Because the petition fails to state a claim upon which relief can be granted, we will grant so much of respondent's motion that moves to dismiss. See Scherping v. Commissioner [84-2 USTC ╤ 9909], 747 F.2d 478 (8th Cir. 1984).
We turn now to that part of respondent's motion that moves for an award of a penalty against petitioner under section 6673(a).
As relevant herein, section 6673(a)(1) authorizes the Tax Court to require a taxpayer to pay to the United States a penalty not in excess of $25,000 whenever it appears that proceedings have been instituted or maintained by the taxpayer primarily for delay or that the taxpayer's position in such proceeding is frivolous or groundless.
The record in this case convinces us that petitioner was not interested in disputing the merits of either the deficiencies in income taxes or the additions to tax determined by respondent in the notice of deficiency. Rather, the record demonstrates that petitioner regards this case as a vehicle to protest the tax laws of this country and espouse his own misguided views.
A petition to the Tax Court is frivolous "if it is contrary to established law and unsupported by a reasoned, colorable argument for change in the law." Coleman v. Commissioner [86-1 USTC ╤ 9401], 791 F.2d 68, 71 (7th Cir. 1986). Petitioner's position, as set forth in the petition, the amended petition, and the Rule 50(c) statement, consists solely of tax protester rhetoric and legalistic gibberish. Based on well-established law, petitioner's position is frivolous and groundless.
We are also convinced that petitioner instituted and maintained this proceeding primarily, if not exclusively, for purposes of delay. Having to deal with this matter wasted the Court's time, as well as respondent's. Moreover, taxpayers with genuine controversies were delayed.

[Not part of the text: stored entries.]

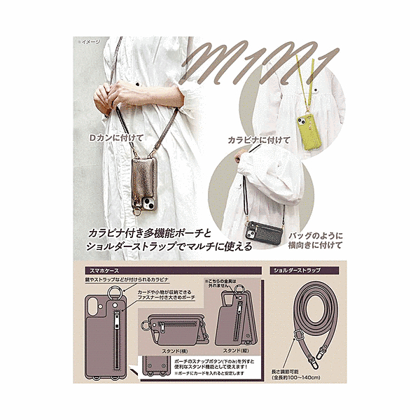 m1n1 ミニ ショルダー ネック ストラップ ポーチ付き オープンレザーケース/ブロンズ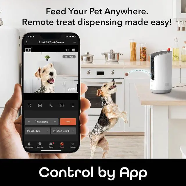 : Stay connected with your pets anytime, anywhere via the Geeni app on your smartphone, featuring a 2K HD camera for crystal-clear visuals and a wide 125-degree field of view.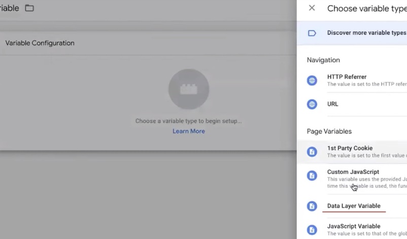 Показую всі можливі варіанти. Що потрібно? Cart. Зараз створимо на Дисконт змінну. Натискаємо плюсик. Сюди. Data Layer Variable.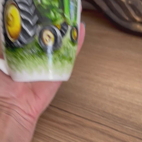 Traktorius nutapytas gimtadienio progai – puodelis taps puikia dovana vaikui tėčiui.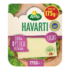 ARLA HAVARTI, ένας αυθεντικός δανέζικος τύπος ημίσκληρου τυριού που παράγεται εδώ και πολλές γενιές. Δημιουργήθηκε από τη Δανέζα Hanne Nielsen, την πρώτη γυναίκα παραγωγό τυριού, πριν από 100 χρόνια και πήρε το όνομά του από τη φάρμα της, όπου και το έφτιαχνε. Το Arla Havarti υπόσχεται την αγνή, πλούσια και φυσική γεύση της δανέζικης παράδοσης. Έχει μεστή και κρεμώδη γεύση, που γεννιέται από τα 100% φυσικά συστατικά του, χωρίς χρήση χρωστικών και συντηρητικών. Είναι κατάλληλο για τοστ, σάντουιτς, μπουκίτσες, ή απλά σκέτο.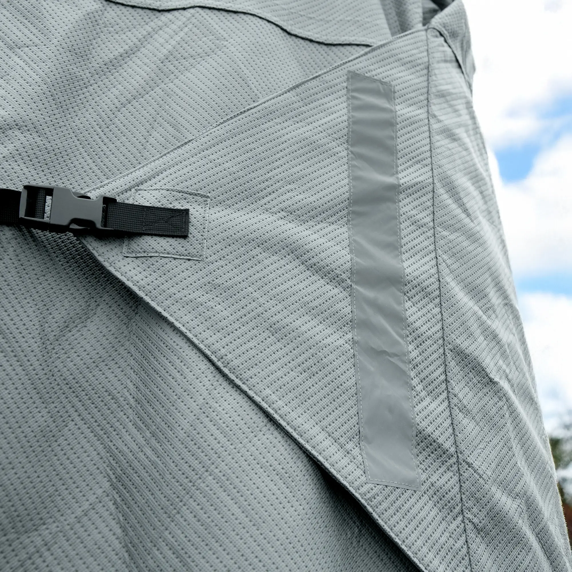 - Komfortabler Zugang - 4 stabile Reißverschlüsse ermöglichen das Öffnen der Wohnwagenabdeckung und den Zugang zum Wohnwagen, während Klettbandverschlüsse die aufgerollten Seitenteile fixieren

In view of the foregoing, we will exercise our discretion under section 6673(a)(1) and require petitioner to pay a penalty to the United States in the amount of $5,000. Coleman v. Commissioner, supra at 71-72; Crain v. Commissioner, supra at 1417-1418; Coulter v. Commissioner [Dec. 41,115], 82 T.C. 580, 584-586 (1984); Abrams v. Commissioner, supra at 408-411.
To reflect the foregoing,
An order of dismissal and decision will be entered.